The issue for our discussion is that a foreign element – the change or innovation – is the key event that triggers the move away from the late status quo. This change typically leads to resistance, and eventually to a period of chaos. During these two phases, the performance of the social system fluctuates to a large degree and actually is often worse than during the status quo phase, as the social system wrestles with how to integrate the change in a manner that produces benefits. The second key event is the transforming idea, when people determine how to integrate the innovation into the core of the social system. This integration phase leads to real performance improvements as well as less fluctuation. As the innovation reaches a critical mass, a new status quo develops.
It is not a given that the innovation actually takes hold, there are cases where the social system does not benefit from the innovation.
Some of the implications for faculty during these times of change:
- With all of the changes, it’s not just that change should be difficult, but also that performance will fluctuate wildly and often our outcomes will get worse as the system adapts to an innovation.
- The foreign element that dismantles the status quo is not necessarily the basis of technology adoption that gets adopted. The transforming idea is typically related to the foreign element, but it is not equivalent.
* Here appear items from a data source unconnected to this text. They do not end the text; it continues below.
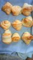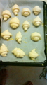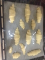 先週の週末に再度クロワッサンに挑戦しました。形がいまいちだったので、今度は形をきちんと作るように心がけました。金曜日の夜に材料を混ぜて一次発酵させ、冷蔵庫で一晩生地を休ませました。土曜日仕事が終わって自宅に帰ったら、さあ、クロワッサン作りで
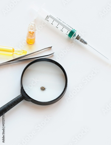 syringe, ampoules with vaccine, tweezer, magnifier glass and dangerous tick on white background. Black legged deer tick, parasite on cats and dogs.
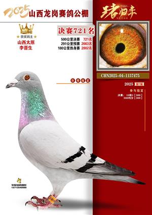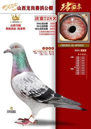 山西龙岗赛鸽公棚2025年第七届秋季大奖赛获奖鸽鉴赏
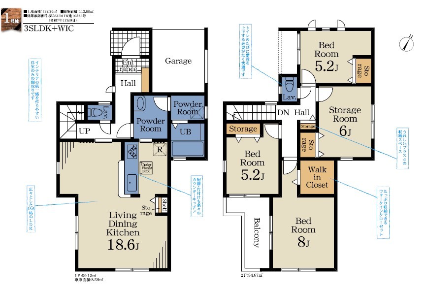 | 間取 | 3SLDK (LDK18.6帖、洋室8帖、洋室6帖、洋室5.2帖、洋室5.2帖) | ||
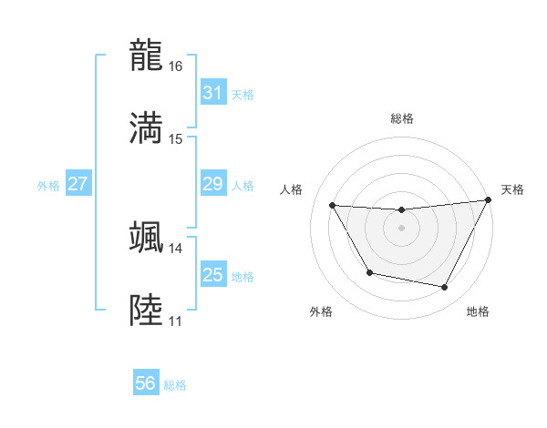 龍満 颯陸さんの天格は31画の5点!
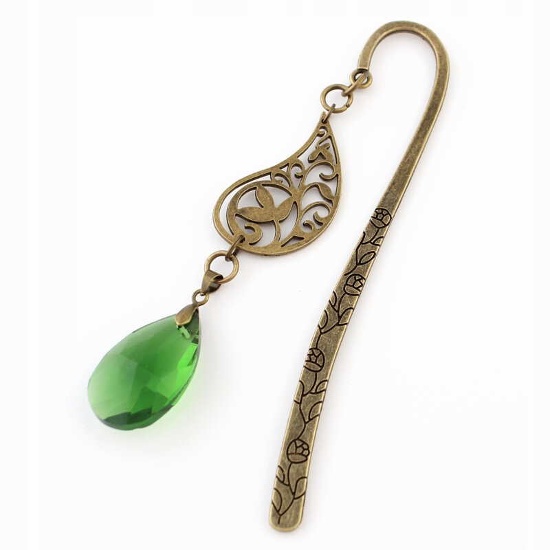 Закладка виготовлена з ажурної підвіски та скляного кристала у формі краплі.
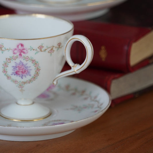 Petite tasse "Clairice" sur pied en porcelaine fine aux délicats motifs rosés
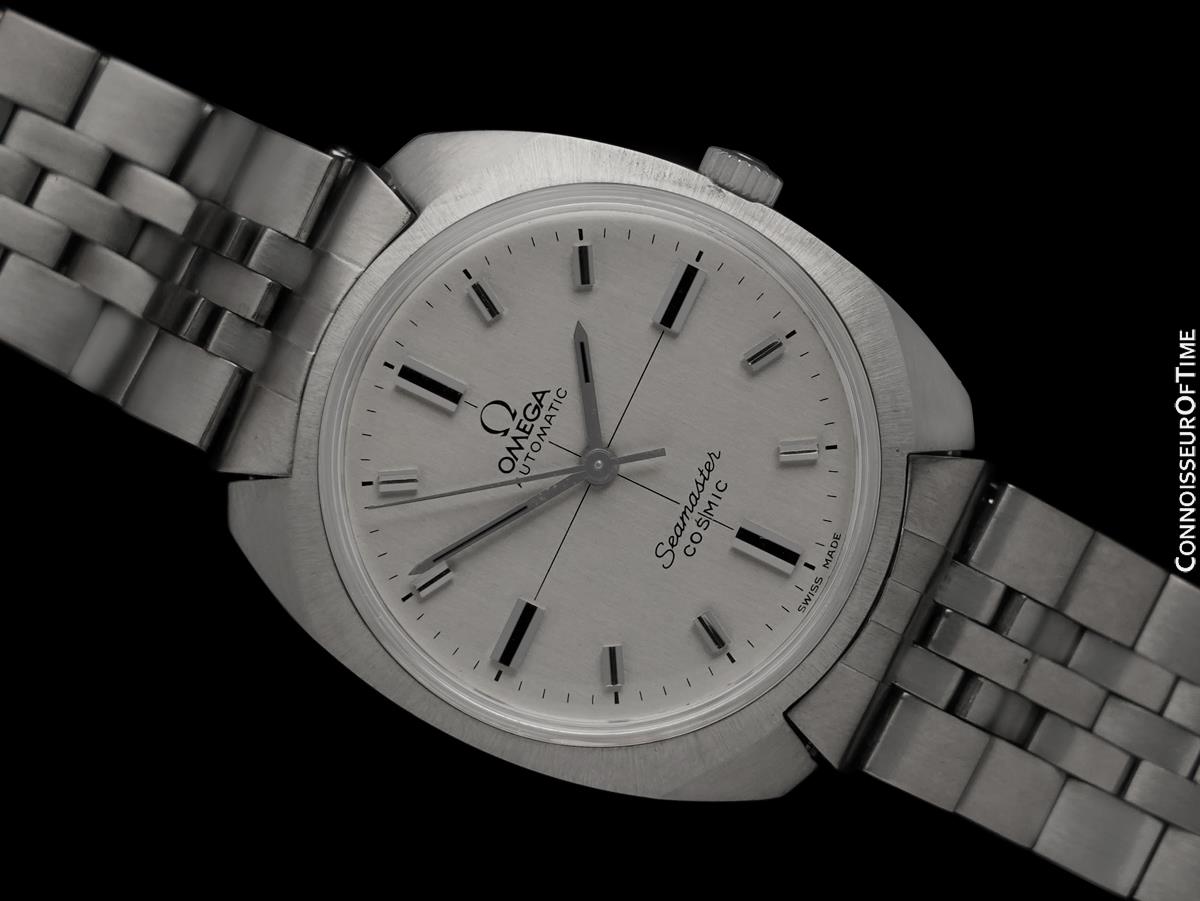 • Cadran: Silver, signé Omega Seamaster Cosmic, a appliqué à grande échelle des index en acier à facettes, d'origine et intacte, en parfait état

Faculty ideally will have the time and opportunity to help “find” the transforming idea.
- It would be a mistake to add accountability measures prematurely, when the system has not had a chance to figure out how to successfully improve outcomes.
Many of these digital education models also raise the question of whether the faculty members need to be on campus, and if not, what support structures should be in place to help out these distance faculty. What about professional development opportunities? Beyond that, how to do you include distance faculty in governance processes.
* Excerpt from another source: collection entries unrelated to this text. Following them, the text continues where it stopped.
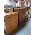 A teak retro chest of drawers, oak tallboy and a display cabinet
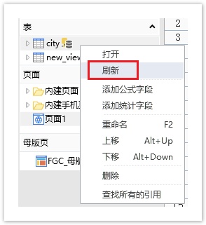 选择一个外联表副本,右击,在右键菜单中选择“刷新”。
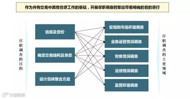 买方和卖方之间存在着信息不对称,买方所获得的信息也是不完备的,尽职调查可以减少这种信息的不对称,尽可能地降低买方的收购风险;尽职调查的结果和买方对风险的承受能力可能决定了并购是否能继续往前推进;尽职调查的结果也是买卖双方估值讨论的基础;尽职调查也是买卖双方知己知彼从而编制合并后合作业务计划书的基础。
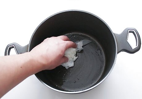 Add coarse salt to form a thin paste, then scrub the pot. Make a liquidy paste with the salt and oil, then put on a pair of clean work gloves. Scrub the inside of the dutch oven completely with a wad of paper towels. Use a potholder to hold the handle and steady your dutch oven as you scrub.
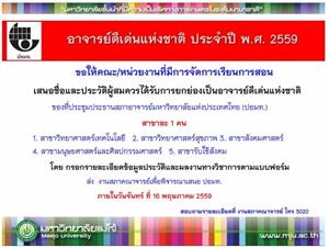 ตามหนังสือ ที่ปอมท. ๕๘๕๙(๑)/ว๑๐ ที่ประชุมประธานสภาอาจารย์มหาวิทยาลัยแห่งประเทศไทย ขอให้เสนอชื่อและประวัติผู้สมควรได้รับการยกย่องเป็นอาจารย์ดีเด่นแห่งชาติของ ที่ประชุมสภาอาจารย์มหาวิทยาลัยแห่งประเทศไทย (ปอมท.) ประจำปี ๒๕๕๙ โดยมีทั้งสิ้นจำนวน ๕ สาขา คือ
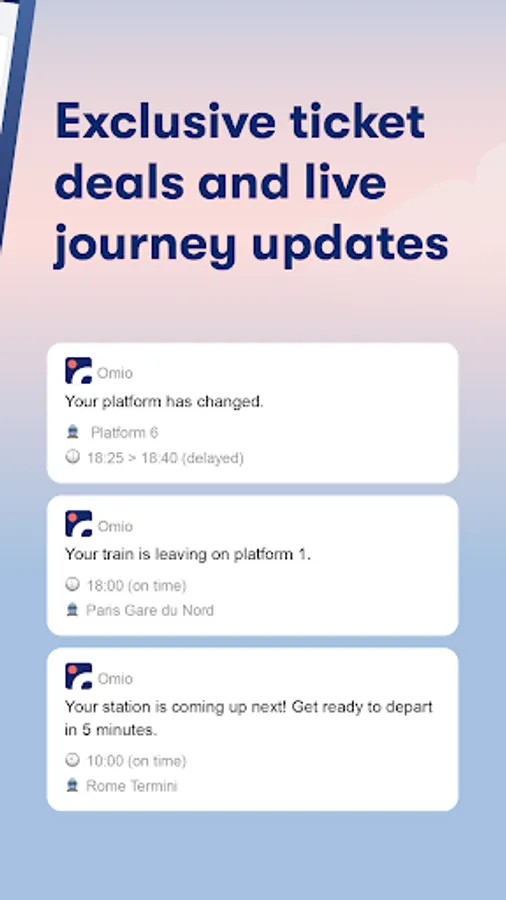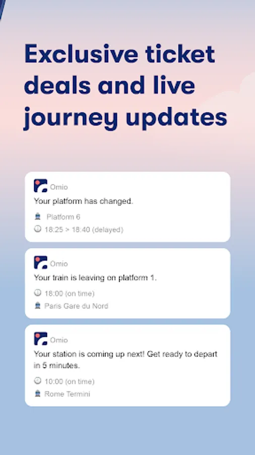 - Live trip updates and platform info: Get live updates on the status of your SNCF and Italo trains as well as trains in Great Britain and National Express coaches.

Other changes, such as competency-based education, can move beyond seat time as a core design element. But how does this change faculty compensation and faculty workload?
We also see faculty age assumptions. What I’m seeing lately is more and more evidence that this assumption is incorrect – older faculty in general are not more resistant to change than younger faculty – and this could have implications for ed tech initiatives struggling to get faculty buy-in.
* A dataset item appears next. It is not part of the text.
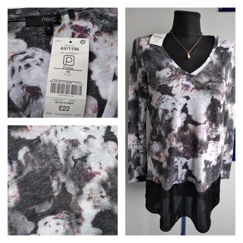 Эффектный удлиненный свитер-туника в нежный цветочный принт с контрастным низом от Next. Новый с биркой, цена на бирке 22 фунта, сток. Интересная узелковая фактура ткани засчет льна в составе, нежные серо-розовые размытые оттенки, трикотаж средней плотности, не толстый. Р-р на бирке uk 10, euro 38, маломерит, хорошо сядет на S как легкий oversize, сверяйте с замерами. 🌹 Длина от горловины перед 78,5 см ☕️ Длина спинка 82 см 🌹 Плечи 33,5 см ☕️ ПОГ 47 см 🌹 Талия 45 см ☕️ Ширина по низу над черной отделкой 49 см 🌹 Рукав от горловины 67 см ☕️ Рукав от плеч. шва 61 см

In a recent post here at 20MM, I pointed out an interesting finding from a recent survey on the use of Open Educational Resources (OER) by the Babson Survey Research Group.
It has been hypothesized that it is the youngest faculty that are the most digitally aware, and have had the most exposure to and comfort in work with digital resources. Older faculty are sometimes assumed to be less willing to adopt the newest technology or digital resources. However, when the level of OER awareness is examined by age group, it is the oldest faculty (aged 55+) that have the greatest degree of awareness, while the youngest age group (under 35) trail behind. The youngest faculty do show the greatest proportion claiming to be“very aware” (6.7%), but have lower proportions reporting that they are “aware” or “somewhat aware.”
Combine this finding with one from another recent survey by Gallup, sponsored and reported by Inside Higher Education.
The doubt extends across age groups and most academic disciplines. Tenured faculty members may be the most critical of online courses, with an outright majority (52 percent) saying online courses produce results inferior to in-person courses, but that does not necessarily mean opposition rises steadily with age. Faculty respondents younger than 40, for example, are more critical of online courses (38 percent) than are those between the ages of 50 and 59 (34 percent).
These findings challenge the predominant assumption about older faculty being more resistant to change, but I would not consider it proof of the reverse. For now, I think the safest assumption is to stop assuming that age is a determining factor for ed tech and pedagogical changes from faculty members. What are the implications?
- I have heard informal comments at schools about instituting change by waiting it out – letting the resistant older faculty retire over time and allowing innovative younger faculty to change the culture. This approach and assumption could be a mistake.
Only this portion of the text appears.